I am 23 with 2 kids. I have never had regular cycles (would have like a period a year) well now for the last 2 years I can't stop bleeding. I have been on provera, I have had a huge cyst removed from under my fallopian tube, much to no sucess. Any ideas on what could be happening? My hubby lost his job so until he gets a new one I cant just go see a doc. Thanks gals!Alison


----------



## HipJan (Apr 9, 1999)

Hi, I know what you mean about being unemployed and so avoiding doctors; however, last year, I ended up in the hospital at that time!At any rate, sounds like you are likely dealing with a significant hormonal imbalance. Can you get your hormones checked?

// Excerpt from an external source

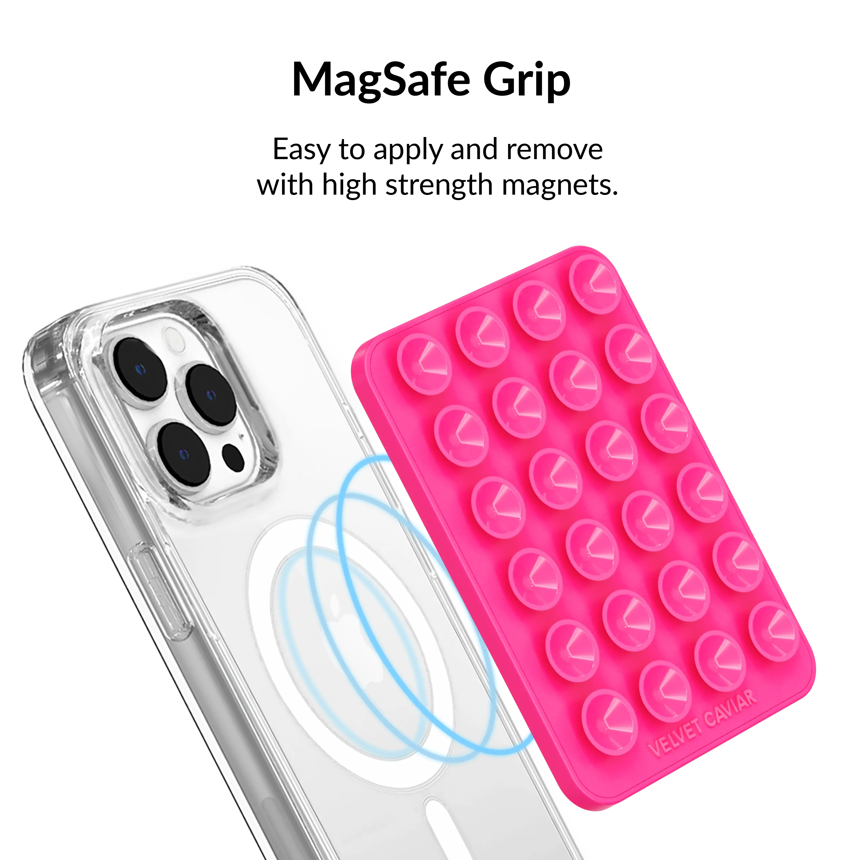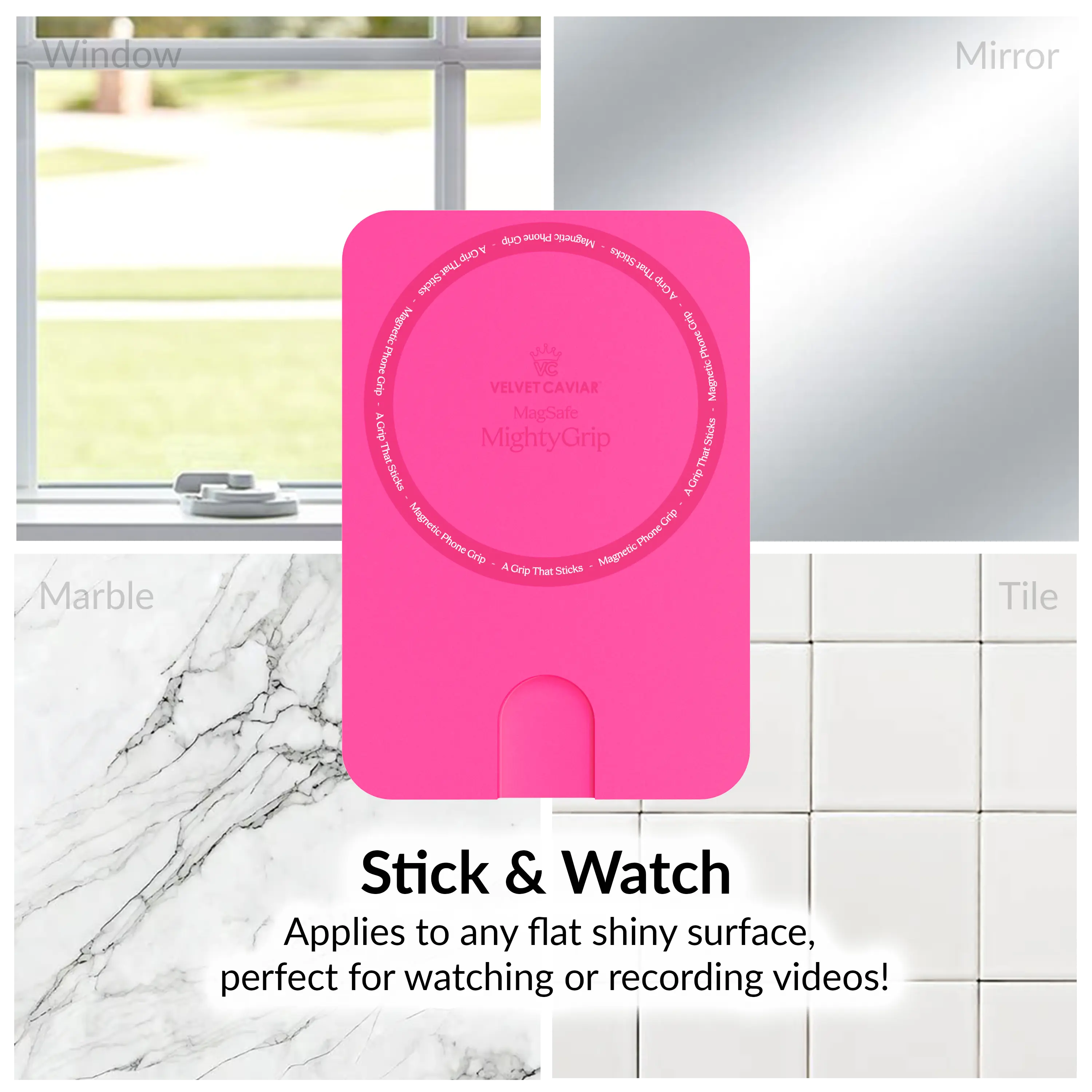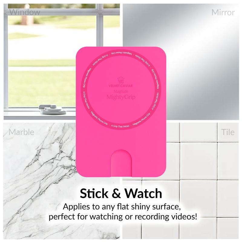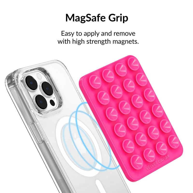 Ever wish your phone had a stylish, secure grip that sticks wherever you need it? Meet the Velvet Caviar Hot Pink MightyGrip MagSafe Mount! This magnetic silicone phone grip suctions firmly to any flat, shiny surface—think glass, mirrors, or marble—giving your MagSafe-compatible iPhone a reliable hold without any sticky residue. Its strong magnets snap perfectly into place, making attachment and removal a breeze. Whether you're commuting, working, or just chilling, this slim, less-than-1cm-wide mount adds convenience and flair without bulk. Plus, it’s built tough to last through your daily hustle while keeping your phone looking sleek. Inside the box, you get the vibrant Hot Pink MightyGrip ready to elevate your phone game. Grab yours today and enjoy a grip that’s as bold and reliable as you are!

Please note, though: one reading might show that your hormones are fine, another not, meaning that you can't always trust basic hormone tests. You could have adenomyosis, which can make you bleed heavily. Do an Internet search, and you will readily find some information about it. It is hard to diagnose, however (have to look inside). Do you have a lot of pain too?Wishing you lots of luck...


----------



## *Luna* (Nov 19, 2001)

I think the provera can change your cycle, in different ways for different women? When did you have those kids? As you probably know, breastfeeding can keep your period from coming.It does sound like something is going on that should be checked on. It might be something as simple as changing your birth control. Do you have a Planned Parenthood near you? They may be able to help you.


----------



## AlisonM (Jul 17, 2003)

My youngest "baby" will be three in January, so breat feeding si def a thing of the past.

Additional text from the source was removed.